In the study of Hajati et al., [11] Age increasing with injecting drug use had a reverse effect on DDD / day sensation. In the study of fame and colleagues, this relationship was inversely and meaningfully. On the one hand, the response to narcotic drugs increases with age, and on the other hand, the duration of relieving pain increases with age. However, in the present study, there was no significant relationship between the different age groups and the amount of morphine consumption, which can be due to the type of patients referred, which in most cases was associated with trauma and abdominal and abdominal pain. Also, our study was based on the fact that patients admitted to the emergency department were examined, and eventually one day in a hospital emergency room, which could justify this difference. Unfortunately, a similar study that specifically addresses the use of morphine in a hospital emergency department has not been obtained. The only study that studies the pattern of injecting drug use in the entire hospital sector is Vatanpour et al., [15] at Amiralmomenin Hospital in Zabol. For DDD / 100 bed days, consumption is comparable in hospitals, indicating the amount of DDD used per 100 beds per day, which is in the study of Vatanpour et al., [15] For the Emergency Department at 36.87. Among all hospitals, it had the highest morphine consumption, which is similar to 37.22 in the present study, which shows that the morphine consumption in the emergency department of Imam Khomeini Hospital in Sari is based on the prescribed dose, DDD (30 milligrams).

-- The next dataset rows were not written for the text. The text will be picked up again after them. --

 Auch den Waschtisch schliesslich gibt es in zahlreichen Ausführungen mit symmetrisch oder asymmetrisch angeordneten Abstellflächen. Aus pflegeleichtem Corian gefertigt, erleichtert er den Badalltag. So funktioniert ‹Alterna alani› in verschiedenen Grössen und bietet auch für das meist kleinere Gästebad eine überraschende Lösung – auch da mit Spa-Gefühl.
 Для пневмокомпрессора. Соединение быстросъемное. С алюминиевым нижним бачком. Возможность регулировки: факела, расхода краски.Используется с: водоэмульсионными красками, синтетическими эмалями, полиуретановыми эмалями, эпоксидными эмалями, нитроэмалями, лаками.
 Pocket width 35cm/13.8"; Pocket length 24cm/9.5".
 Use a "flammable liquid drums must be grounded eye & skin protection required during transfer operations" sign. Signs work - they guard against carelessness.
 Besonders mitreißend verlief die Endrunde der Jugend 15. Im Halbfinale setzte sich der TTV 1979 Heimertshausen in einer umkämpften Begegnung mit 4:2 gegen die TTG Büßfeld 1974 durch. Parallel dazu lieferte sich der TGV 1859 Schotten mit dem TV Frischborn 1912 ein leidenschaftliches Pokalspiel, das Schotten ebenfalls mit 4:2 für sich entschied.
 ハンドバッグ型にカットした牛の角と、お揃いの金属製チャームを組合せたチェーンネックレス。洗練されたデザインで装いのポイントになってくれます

We note some limitations to the study. In some cases, it was merely addiction, but the type of addiction was not recorded, so some cases were excluded from the study. Smoking rates were not cited except for a few cases. The morphine side effects were not seen in any part of the file. Some patients who had been prescribed morphine had left the study within a short time with personal satisfaction.

In conclusion, the utilization of parenteral morphine in the ED of our center was higher than the WHO standard dosage. The morphine utilization was associated with male gender, opium addiction and TCA consumption. Elaboration and implementation of standard protocols for pain control, training of the medical staff on how to manage and evaluate the drug, and adequate supervision from the distribution stage to the stage of prescribing to the patient, the use of non-oral and injectable drugs before taking narcotic drugs, non-narcotic analgesics and anesthetic drugs are necessary to reduce the utilization of parenteral morphine in ED.

 

Acknowledgment: We would like to thank the editorial assistance of Diba Negar Research Institute for improving the English and style of the manuscript along with statistical analysis support.

Conflict of Interest: None declared.